Extracted records
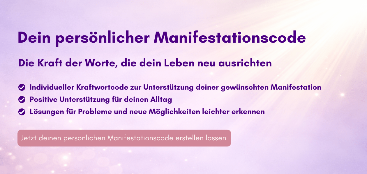 Auch für dein Anliegen oder deinen Wunsch stelle ich dir gern deinen persönlichen Manifestationscode zusammen und erkläre dir, wie du diese besonderen Worte im Alltag wirkungsvoll einsetzen kannst.
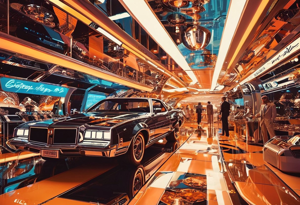 ((70's retrofutursim with Syd Mead art style)), Enter a realm where science fiction meets the disco era, reminiscent of 70's retrofuturism. Immerse yourself in a retro-futuristic metropolis, filled with holographic billboards, futuristic fashion, and advanced technology. The scene is brought to life with the artistry of Syd Mead, capturing the essence of an era that never was.
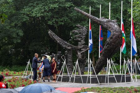 However “the times have changed and Keti Koti … the chains have truly been broken,” he said to cheers and applause of thousands of onlookers at the national slavery monument in Amsterdam’s Oosterpark.
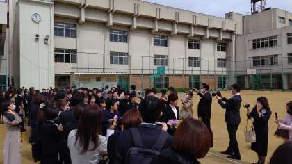 卒業式後、それぞれの学級で最後の学活を終え、花道を通ります。皆さん胸を張って立派な姿です。あたたかく見送られています。皆さん、希望に満ち溢れた、いい顔をしていますよ。
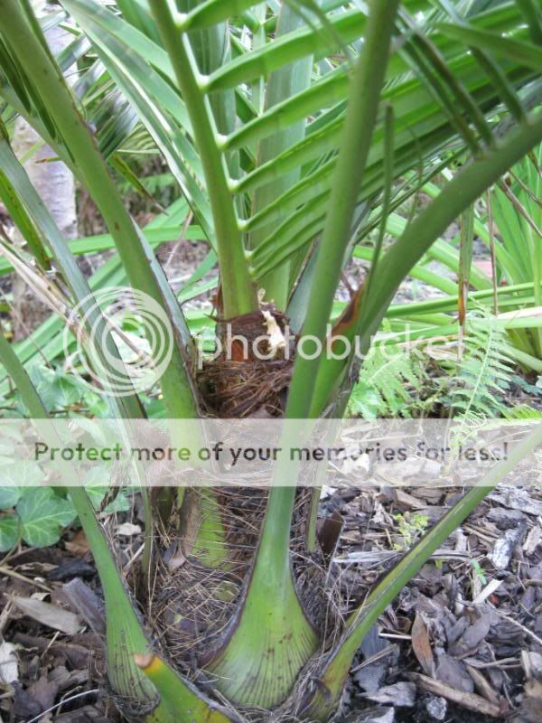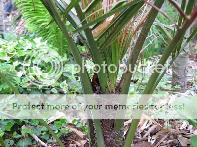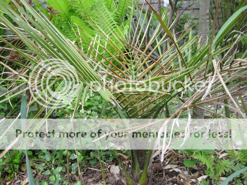 Sie hat zwar einige Frostschäden an den alten Fiedern und Sonnenbrand an den Neuen, aber sie treibt schon wieder kräftig.
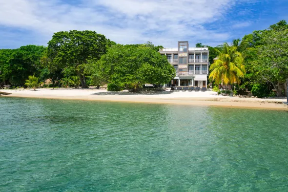 Beachfront apartment with private beach access, terrace views, and on-site dining in Roatan.
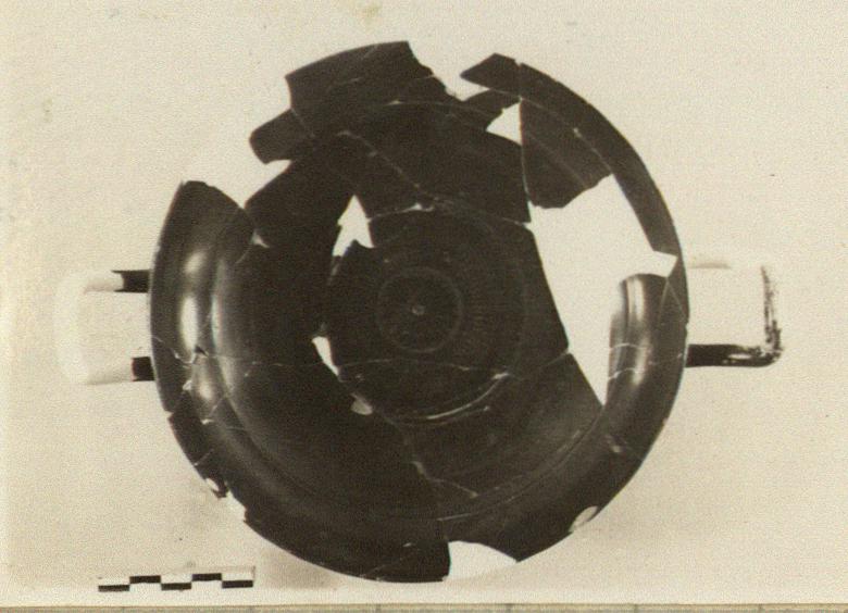 | Description: | Mended from many pieces. Complete save small fragments of rim and body and parts of both handles. A stemless cup with low moulded ring foot. Offset lip on interior but not on exterior. Stamped pattern covers most of floor of cup: three concentric rings of long tongues. Beneath foot concentric raised rings. Small central circle reserved with dot and two black rings in thin glaze. Glaze, fine lustrous black, worn off on one side. | |

#### Work to be completed
Except for the pictures, set down all of the records exactly.

#### Exercise output
 Auch für dein Anliegen oder deinen Wunsch stelle ich dir gern deinen persönlichen Manifestationscode zusammen und erkläre dir, wie du diese besonderen Worte im Alltag wirkungsvoll einsetzen kannst.
 ((70's retrofutursim with Syd Mead art style)), Enter a realm where science fiction meets the disco era, reminiscent of 70's retrofuturism. Immerse yourself in a retro-futuristic metropolis, filled with holographic billboards, futuristic fashion, and advanced technology. The scene is brought to life with the artistry of Syd Mead, capturing the essence of an era that never was.
 However “the times have changed and Keti Koti … the chains have truly been broken,” he said to cheers and applause of thousands of onlookers at the national slavery monument in Amsterdam’s Oosterpark.
 卒業式後、それぞれの学級で最後の学活を終え、花道を通ります。皆さん胸を張って立派な姿です。あたたかく見送られています。皆さん、希望に満ち溢れた、いい顔をしていますよ。
 Sie hat zwar einige Frostschäden an den alten Fiedern und Sonnenbrand an den Neuen, aber sie treibt schon wieder kräftig.
 Beachfront apartment with private beach access, terrace views, and on-site dining in Roatan.
 | Description: | Mended from many pieces. Complete save small fragments of rim and body and parts of both handles. A stemless cup with low moulded ring foot. Offset lip on interior but not on exterior. Stamped pattern covers most of floor of cup: three concentric rings of long tongues. Beneath foot concentric raised rings. Small central circle reserved with dot and two black rings in thin glaze. Glaze, fine lustrous black, worn off on one side. | |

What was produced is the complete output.